Monday, May. 07, 1934
Roman & Yankee
Nearly two milleniums ago a man who liked monuments sent his Roman legions into the Alps and in three brisk campaigns made vassals of its 44 tribes. To celebrate that feat the Roman Senate & People raised to their first Emperor, Augustus Caesar, a great monument, on a lonely hill overlooking the Mediterranean and the shore road along which the legions marched toward Spain. Like a great stone wedding cake, the Trophy of the Alps rose 150 ft., topped by a stone Augustus. With the centuries the Visigoths, Ostrogoths, Vandals and Huns tore the great pile apart. Later still it was converted into a fort. Louis XIV, who disliked other men's monuments, had it blown up. Seven years ago another man who also liked monuments began to put it together again.

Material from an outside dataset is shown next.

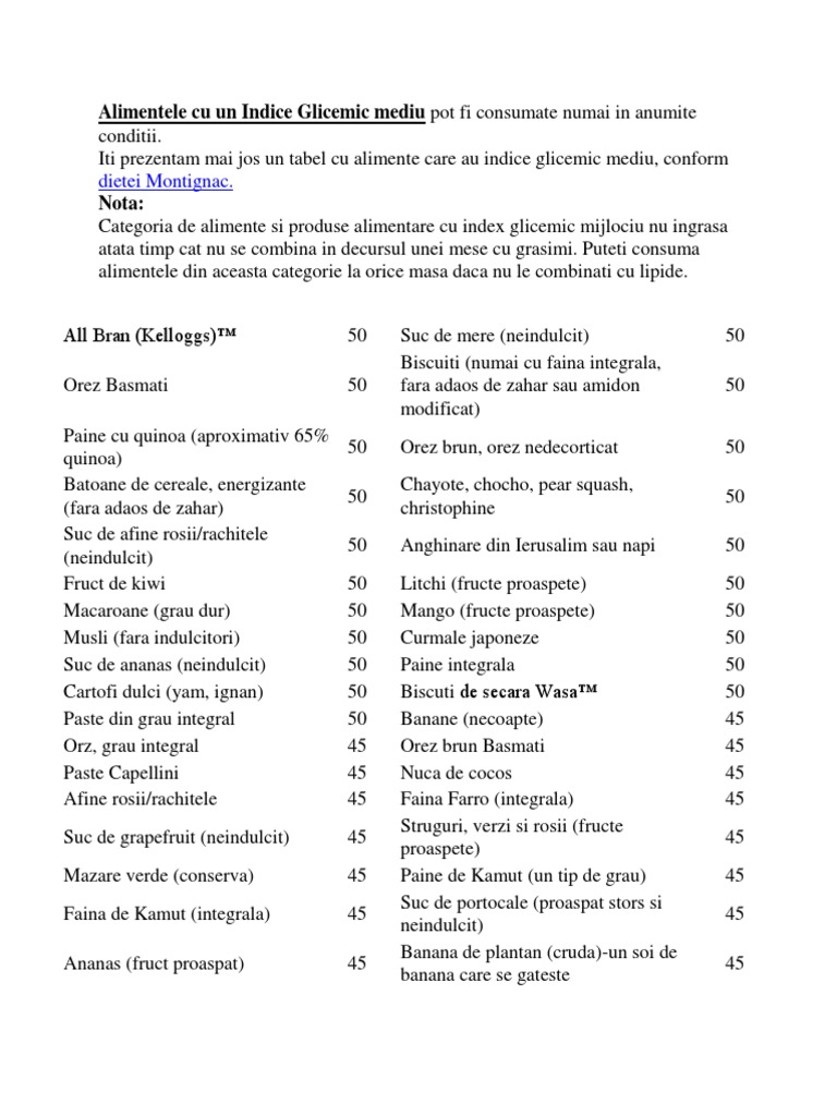 Lista alimentelor cu indice glicemic mare. Alimentele care au indice glicemic peste 70 trebuie consumate in cantitati reduse si intotdeauna asociate cu alimente cu indice glicemic mic. Intrucat alimentele cu indice glicemic redus au valoarea de 55 sau mai putin acest lucru implica o dieta cu indice glicemic scazut. Una din cele mai populare diete ale momentului este dieta montignac.

The lonely hill had become La Turbie, near Monte Carlo, where a rich Yankee expatriate spends his winters. Square-shouldered, withered little Edward Tuck, 92, went to Paris 70 years ago as Abraham Lincoln's vice consul and, except for a few early years of shuttling back & forth to the U. S., stayed on in France. He made his fortune as a private banker, built it up by investments in U. S. banks (Chase), railroads (Great Northern, Northern Pacific) and public utilities. He has given France a $5,000,000 art collection, a hospital, Napoleon's Park at Malmaison. Napoleon's famed Marshal's Table, all on the theory that art treasures should stay at home. France has given him the Grand Cross of the Legion of Honor and honorary citizenship in Paris. His benefactions have made him Dartmouth College's Grand Old Man. Since 1927 his masons have been rebuilding the western face of the Trophy of the Alps, with an interior stone stairway ending in a great stone block which pivots open to a fine view of the Mediterranean and the road to Monte Carlo. Such relics as his men dug up he installed in a museum on the spot. Last week he stood before Augustus' renovated Trophy and gave the keys ceremoniously to French officials. In his good Yankee accent, he declared: ''The Trophy of the Alps represents . . . the magnificent and generous ideal of an ancient civilization . . . and the Pax Romana, which gave three centuries of world peace and prosperity. May they be spread anew among men."